On Fri, Dec 03 2021, Han Xin wrote:

> From: Han Xin <hanxin.hx@xxxxxxxxxxxxxxx>
>
> We used to call "get_data()" in "unpack_non_delta_entry()" to read the
> entire contents of a blob object, no matter how big it is. This
> implementation may consume all the memory and cause OOM.
>
> By implementing a zstream version of input_stream interface, we can use
> a small fixed buffer for "unpack_non_delta_entry()".
>
> However, unpack non-delta objects from a stream instead of from an entrie
> buffer will have 10% performance penalty. Therefore, only unpack object
> larger than the "big_file_threshold" in zstream.

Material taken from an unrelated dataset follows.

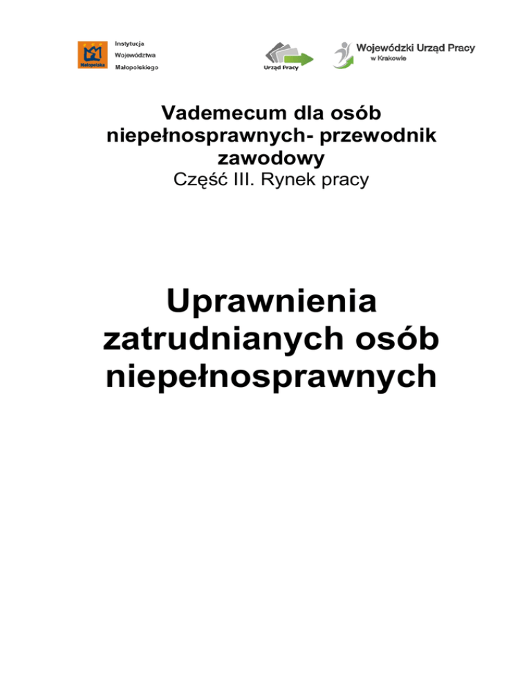 Vademecum dla osób niepełnosprawnych- przewodnik zawodowy Część III. Rynek pracy Uprawnienia zatrudnianych osób niepełnosprawnych SPIS TREŚCI: Zatrudnianie osób niepełnosprawnych str. 3 Obowiązek przedstawiania orzeczenia str. 3 Status zakładu pracy a orzeczenie str. 4 Stanowisko pracy str. 4 Czas pracy str. 5 Dodatkowa przerwa w pracy str. 5 Urlop str. 6 Prawo do korzystania ze zwolnienia z pracy str. 7 Turnus rehabilitacyjny str. 8 Badania specjalistyczne str. 9 Przydatne adresy stron www str. 10 2 Opracowano w CIiPKZ w Tarnowie na podstawie Informacji umieszczonych na stronach internetowych i obowiązujących przepisów prawnych. . kwiecień 2015 Zatrudnienie osób niepełnosprawnych Osoby niepełnosprawne mają takie samo prawo do pracy jak osoby zdrowe. Jednakże ze względu na mniejszą sprawność nie mogą podlegać tym samym rygorom, co pracownicy zdrowi. Dlatego też przepisy prawa odmiennie regulują niektóre ich uprawnienia i obowiązki pracownicze. Dodatkowe uprawnienia osób niepełnosprawnych wynikają z przepisów art. 14 - 20 ustawy z dnia 27 sierpnia 1997 r. o rehabilitacji zawodowej i społecznej oraz zatrudnianiu osób niepełnosprawnych (Dz. U. 123 poz. 776, z późn. zm.). Obowiązek przedstawienia orzeczenia Ustawa o rehabilitacji niepełnosprawnych nie zawodowej ustanawia i społecznej obowiązku oraz zatrudnianiu poinformowania osób pracodawcy o posiadaniu orzeczenia o stopniu niepełnosprawności. Korzystanie przez osobę niepełnosprawną z uprawnień pracowniczych przewidzianych w ustawie o rehabilitacji (…) jest prawem a nie obowiązkiem danego pracownika. Jednakże zgodnie z art. 221 § 1 Kodeksu pracy, do którego odsyła art. 66 ustawy o rehabilitacji (...) w sprawach nieuregulowanych jej przepisami, „Pracodawca ma prawo żądać od osoby ubiegającej się o zatrudnienie podania danych osobowych obejmujących: imię (imiona) i nazwisko, imiona rodziców, datę urodzenia, miejsce zamieszkania (adres do korespondencji), wykształcenie, przebieg dotychczasowego zatrudnienia”. Powyższy katalog informacji rozszerza § 2 pkt 1 art. 221 Kodeksu pracy, zgodnie z którym „Pracodawca ma prawo żądać od pracownika podania, niezależnie od danych 3 Opracowano w CIiPKZ w Tarnowie na podstawie Informacji umieszczonych na stronach internetowych i obowiązujących przepisów prawnych. . kwiecień 2015 osobowych, o których mowa w § 1, także innych danych osobowych pracownika, a także imion i nazwisk oraz dat urodzenia dzieci pracownika, jeżeli podanie takich danych jest konieczne ze względu na korzystanie przez pracownika ze szczególnych uprawnień przewidzianych w prawie pracy”. W tej kategorii mieści się również informacja o stopniu niepełnosprawności. Decyzja o zgłoszeniu pracodawcy faktu posiadania orzeczenia o stopniu niepełnosprawności należy wyłącznie do pracownika. Osoba niepełnosprawna nie zgłaszając faktu posiadania orzeczenia nie ponosi z tego tytułu żadnych negatywnych konsekwencji. Status zakładu pracy a orzeczenie Zaliczenie do znacznego albo umiarkowanego stopnia niepełnosprawności osoby z naruszoną sprawnością organizmu – niezdolnej do pracy albo zdolnej do pracy jedynie w warunkach pracy chronionej – nie wyklucza możliwości zatrudnienia takiej osoby u pracodawcy niezapewniającego warunków pracy chronionej, w przypadku przystosowania stanowiska pracy do potrzeb takiej osoby niepełnosprawnej lub w przypadku zatrudnienia w formie telepracy. Kontrolę w zakresie przystosowania stanowiska pracy do potrzeb osoby niepełnosprawnej, sprawuje Państwowa Inspekcja Pracy. Jak więc z powyższego wynika, osoba legitymująca się orzeczeniem o znacznym lub umiarkowanym stopniu niepełnosprawności, może być zatrudniona u pracodawcy nieposiadającego statusu zakładu pracy chronionej. Stanowisko pracy Osobie zatrudnionej, która w wyniku wypadku przy pracy lub choroby zawodowej utraciła zdolność do pracy na dotychczasowym stanowisku, pracodawca jest obowiązany wydzielić lub zorganizować odpowiednie stanowisko pracy 4 Opracowano w CIiPKZ w Tarnowie na podstawie Informacji umieszczonych na stronach internetowych i obowiązujących przepisów prawnych. . kwiecień 2015 z podstawowym zapleczem socjalnym, nie później niż w okresie trzech miesięcy od daty zgłoszenia przez tę osobę gotowości przystąpienia do pracy. Zgłoszenie gotowości przystąpienia do pracy powinno nastąpić w ciągu miesiąca od dnia uznania za osobę niepełnosprawną. Tego przepisu nie stosuje się, gdy wyłączną przyczyną wypadku przy pracy było naruszenie przepisów w zakresie bezpieczeństwa i higieny pracy przez pracownika z jego winy lub jego stanu nietrzeźwości - udowodnione przez pracodawcę. Czas pracy Czas pracy osoby niepełnosprawnej nie może przekraczać 8 godzin na dobę i 40 godzin tygodniowo. Czas pracy osoby niepełnosprawnej zaliczonej do znacznego lub umiarkowanego stopnia niepełnosprawności nie może przekraczać 7 godzin na dobę i 35 godzin tygodniowo. Osoba niepełnosprawna nie może być zatrudniona w porze nocnej i w godzinach nadliczbowych. Zmniejszony wymiar czasu pracy obowiązuje od dnia następującego po przedstawieniu pracodawcy orzeczenia o niepełnosprawności. Przepisów powyższych nie stosuje się: do osób zatrudnionych przy pilnowaniu oraz gdy, na wniosek osoby zatrudnionej, lekarz przeprowadzający badania profilaktyczne pracowników lub w razie jego braku, lekarz sprawujący opiekę nad tą osobą, wyrazi na to zgodę. Koszty tych badań ponosi pracodawca. Dodatkowa przerwa w pracy Osoba niepełnosprawna ma prawo do dodatkowej przerwy w pracy na gimnastykę usprawniającą lub wypoczynek. Czas przerwy wynosi 15 minut i jest wliczany do czasu pracy. Nie narusza to przepisów Kodeksu pracy. Stosowanie specjalnych norm czasu pracy, nie powoduje obniżenia wysokości wynagrodzenia wypłacanego w stałej miesięcznej wysokości. 5 Opracowano w CIiPKZ w Tarnowie na podstawie Inf

See the following
> benchmarks:
>
>     hyperfine \
>       --setup \
>       'if ! test -d scalar.git; then git clone --bare https://github.com/microsoft/scalar.git; cp scalar.git/objects/pack/*.pack small.pack; fi' \
>       --prepare 'rm -rf dest.git && git init --bare dest.git' \
>       -n 'old' 'git -C dest.git unpack-objects <small.pack' \
>       -n 'new' 'new/git -C dest.git unpack-objects <small.pack' \
>       -n 'new (small threshold)' \
>       'new/git -c core.bigfilethreshold=16k -C dest.git unpack-objects <small.pack'
>     Benchmark 1: old
>       Time (mean ± σ):      6.075 s ±  0.069 s    [User: 5.047 s, System: 0.991 s]
>       Range (min … max):    6.018 s …  6.189 s    10 runs
>
>     Benchmark 2: new
>       Time (mean ± σ):      6.090 s ±  0.033 s    [User: 5.075 s, System: 0.976 s]
>       Range (min … max):    6.030 s …  6.142 s    10 runs
>
>     Benchmark 3: new (small threshold)
>       Time (mean ± σ):      6.755 s ±  0.029 s    [User: 5.150 s, System: 1.560 s]
>       Range (min … max):    6.711 s …  6.809 s    10 runs
>
>     Summary
>       'old' ran
>         1.00 ± 0.01 times faster than 'new'
>         1.11 ± 0.01 times faster than 'new (small threshold)'

So before we wrote used core.bigfilethreshold for two things (or more?):
Whether we show a diff for it (we mark it "binary") and whether it's
split into a loose object.

Now it's three things, we've added a "this is a threshold when we'll
stream the object" to that.

Might it make sense to squash something like this in, so we can have our
cake & eat it too?

With this I get, where HEAD~0 is this change:
    
    Summary
      './git -C dest.git -c core.bigfilethreshold=512m unpack-objects <small.pack' in 'HEAD~0' ran
        1.00 ± 0.01 times faster than './git -C dest.git -c core.bigfilethreshold=512m unpack-objects <small.pack' in 'HEAD~1'
        1.00 ± 0.01 times faster than './git -C dest.git -c core.bigfilethreshold=512m unpack-objects <small.pack' in 'origin/master'
        1.01 ± 0.01 times faster than './git -C dest.git -c core.bigfilethreshold=16k unpack-objects <small.pack' in 'HEAD~0'
        1.06 ± 0.14 times faster than './git -C dest.git -c core.bigfilethreshold=16k unpack-objects <small.pack' in 'origin/master'
        1.20 ± 0.01 times faster than './git -C dest.git -c core.bigfilethreshold=16k unpack-objects <small.pack' in 'HEAD~1'

I.e. it's 5% slower, not 20% (haven't looked into why), but we'll not
stream out 16k..128MB objects (maybe the repo has even bigger ones?)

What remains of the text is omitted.